The real puzzle is why it took so long.
http://www.nintendoworldreport.com/blog/32212
Staring down a heap of puzzles is a new experience for me—the last matchstick puzzle I bested was a barside distraction in Hotel Dusk.
So it's with some hesitance that I enter the Professor Layton series with the latest entry (and the first on 3DS), Professor Layton and the Miracle Mask.
I've meant to jump into the steady stream of Layton games since the beginning (2008's Professor Layton and the Curious Village). I don't know what went wrong, but here we are, over four years later, with me not having touched a single one.
I actually thought last year's Last Specter would break the streak: in addition to the standard Layton package, it included Layton's London Life, a simple, Animal Crossing-esque RPG with a Mother 3 aesthetic, co-developed by Brownie Brown. It seemed like a whole lot of a good thing. Perhaps too much, as it turned out—I never found the time for it, and so the Layton train rumbled by for yet another year. But now I'm making amends, and jumping on with Miracle Mask.
I'm excited, but do I have reason to worry as I finally break into the series? In all likelihood, no. I think I'm shrewd enough to unwind even the hottest riddle the game will throw at me.

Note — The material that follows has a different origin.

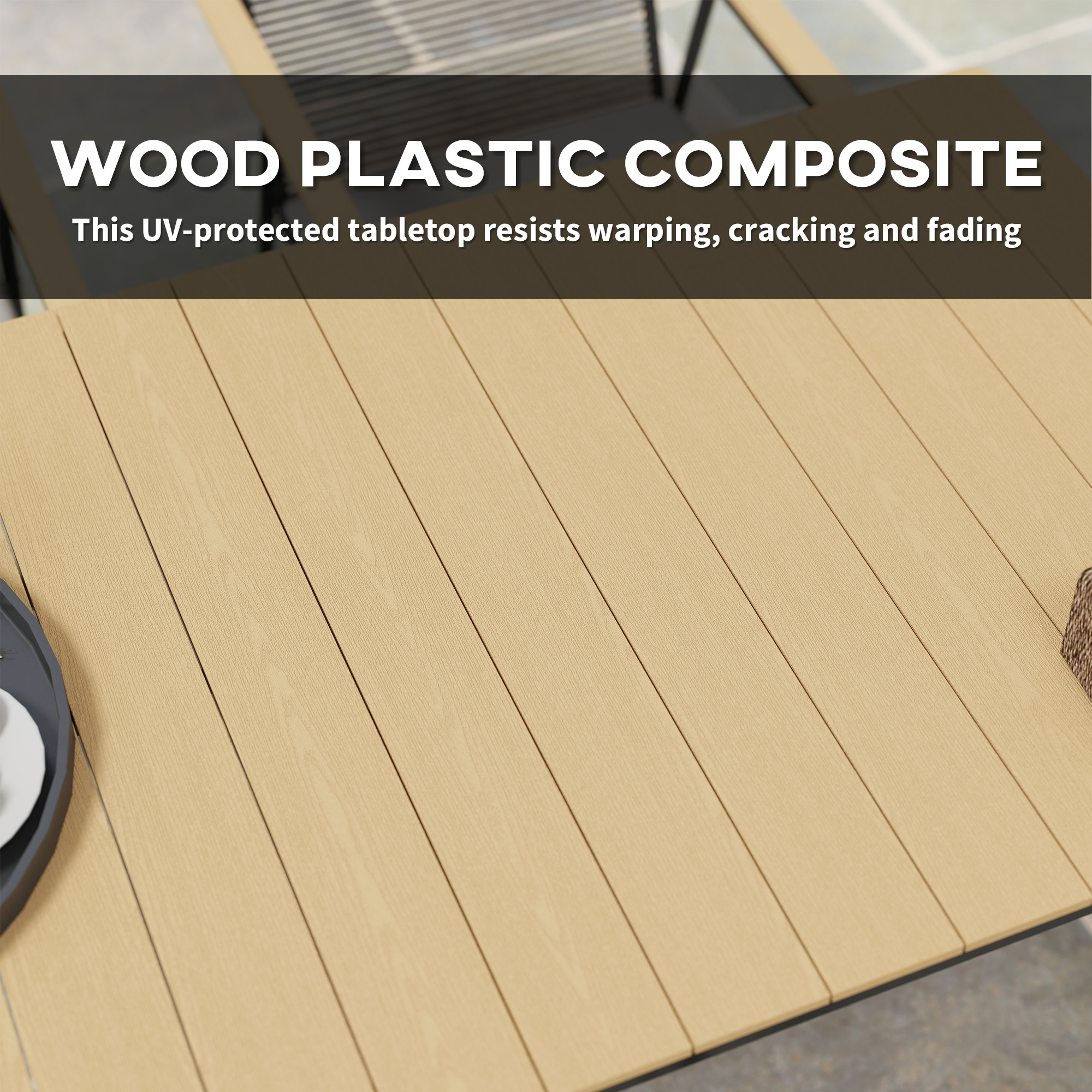 - This weatherproof tabletop is low-maintenance and easy to clean, with a stylish wood grain

But suppose it's the most aggressive Layton yet—maybe they've rounded the corner from innocent cleverness into pure bastardry? Let's look at the progression. It began, innocently enough, with just "curious," and a village, but accelerated into "diabolical," started unwinding the future, dealt with ghosts, and now messes with miracles. How will I fare? Only time—and maybe some hint coins—will tell.
Lend me your wisdom, Professor.
I'm looking forward to playing The Last Spectre, but am not quite ready to go back to the series. Lost Future was kind of a mind f***, but in the best way possible.